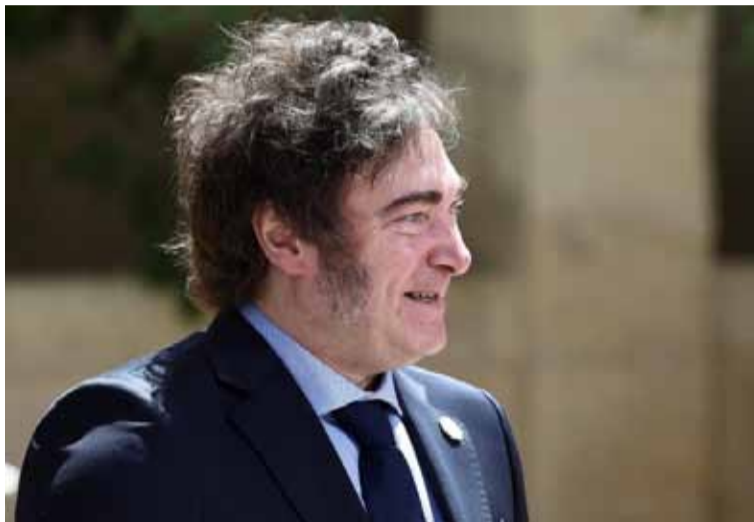
Aclaración del presidente, sobre su postura respecto a la universidad

Lo está en discusión, según Milei, es la intención del Gobierno de auditar los fondos que reciben
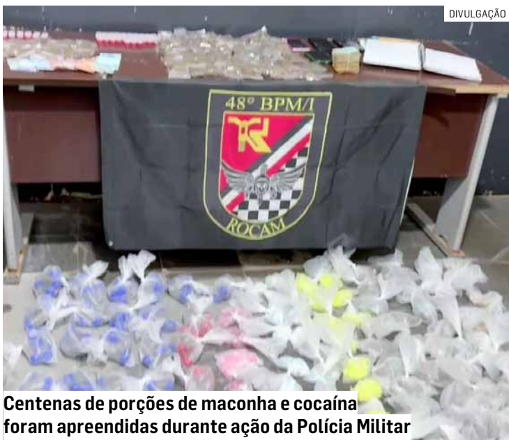
Centenas de porções de maconha e cocaína foram apreendidas durante ação da Polícia Militar

A equipe ainda abordou mais dois indivíduos que tentaram fugir pelo bloco de cor verde. Um deles também destruiu seu celular ao
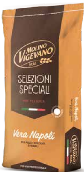
VERA NAPOLI MOLINO VIGEVANO Farina di grano tenero tipo "0" e semola rimacinata w 250/270 Sacco kg.25
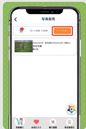
① 「カート見る」をタップ
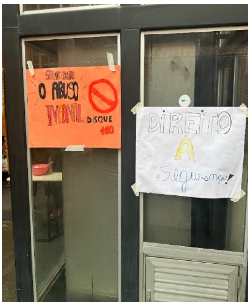
FIGURA 6 - Cartazes das Crianças
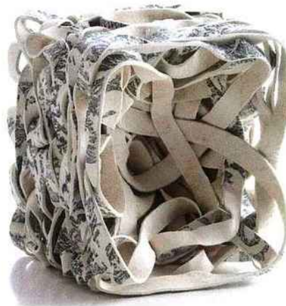
Daniela Schagenhauf, Résonance II, 2010, porcelaine, H. 22 cm (galerie Collection, Paris.).

Renseignements au 01 44 01 08 30 et sur www.circuits-ceramiques.fr « Exposition de l'Académie Internationale de la Céramique » et « La scène française contemporaine », Sèvres-Cité de la céramique - 2, place de la Manufacture, 92310 Sèvres (01 46 29 22 00 - www.sevresciteceramique.fr ) ; du 15 septembre au 10 janvier. « La scène française contemporaine », Les Arts Décoratifs - 107, rue de Rivoli, 75001 Paris (01 44 55 57 50 - www.lesartsdecoratifs.fr ) ; du 17 septembre au 20 février. « Territoires en mouvement », galerie Collection - 4, rue de Thorigny, 75003 Paris (01 42 78 67 74) ; du 14 septembre au 20 novembre.
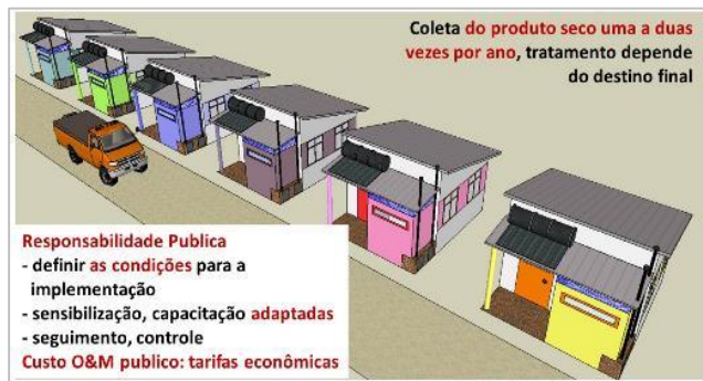
Esquema 4: Modelo de gestão comunitário, coleta (cada 6 a 12 meses) e pos-tratamento de material fecal
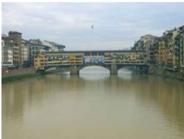
Ponte Vecchio in Florenz
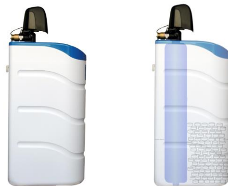
Schutztrafo 24 VAC
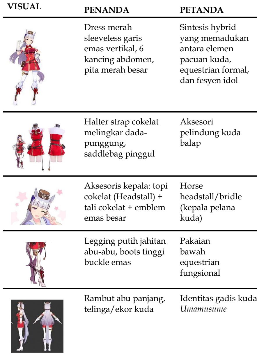
Tabel 1. Analisis tataran pertama kostum Gold Ship

Pada tataran pertama, hubungan penanda dan petanda menghasilkan makna literal yang eksplisit dan disepakati secara sosial dari elemen visual kostum Gold Ship.
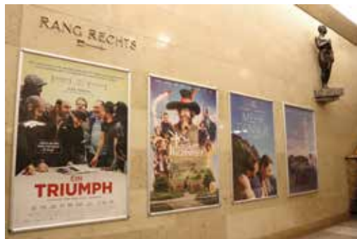
Eindrücke aus dem Foyer – mit einem Projektor aus vergangener Zeit als Dekoration

----------------------------------------

TASK TO COMPLETE: Your answer must be an exact copy of the lines from the start of the entries through the line with "Ponte Vecchio in Florenz", with no pictures.

TASK OUTPUT:
Aclaración del presidente, sobre su postura respecto a la universidad

Lo está en discusión, según Milei, es la intención del Gobierno de auditar los fondos que reciben
Centenas de porções de maconha e cocaína foram apreendidas durante ação da Polícia Militar

A equipe ainda abordou mais dois indivíduos que tentaram fugir pelo bloco de cor verde. Um deles também destruiu seu celular ao
VERA NAPOLI MOLINO VIGEVANO Farina di grano tenero tipo "0" e semola rimacinata w 250/270 Sacco kg.25
① 「カート見る」をタップ
FIGURA 6 - Cartazes das Crianças
Daniela Schagenhauf, Résonance II, 2010, porcelaine, H. 22 cm (galerie Collection, Paris.).

Renseignements au 01 44 01 08 30 et sur www.circuits-ceramiques.fr « Exposition de l'Académie Internationale de la Céramique » et « La scène française contemporaine », Sèvres-Cité de la céramique - 2, place de la Manufacture, 92310 Sèvres (01 46 29 22 00 - www.sevresciteceramique.fr ) ; du 15 septembre au 10 janvier. « La scène française contemporaine », Les Arts Décoratifs - 107, rue de Rivoli, 75001 Paris (01 44 55 57 50 - www.lesartsdecoratifs.fr ) ; du 17 septembre au 20 février. « Territoires en mouvement », galerie Collection - 4, rue de Thorigny, 75003 Paris (01 42 78 67 74) ; du 14 septembre au 20 novembre.
Esquema 4: Modelo de gestão comunitário, coleta (cada 6 a 12 meses) e pos-tratamento de material fecal
Ponte Vecchio in Florenz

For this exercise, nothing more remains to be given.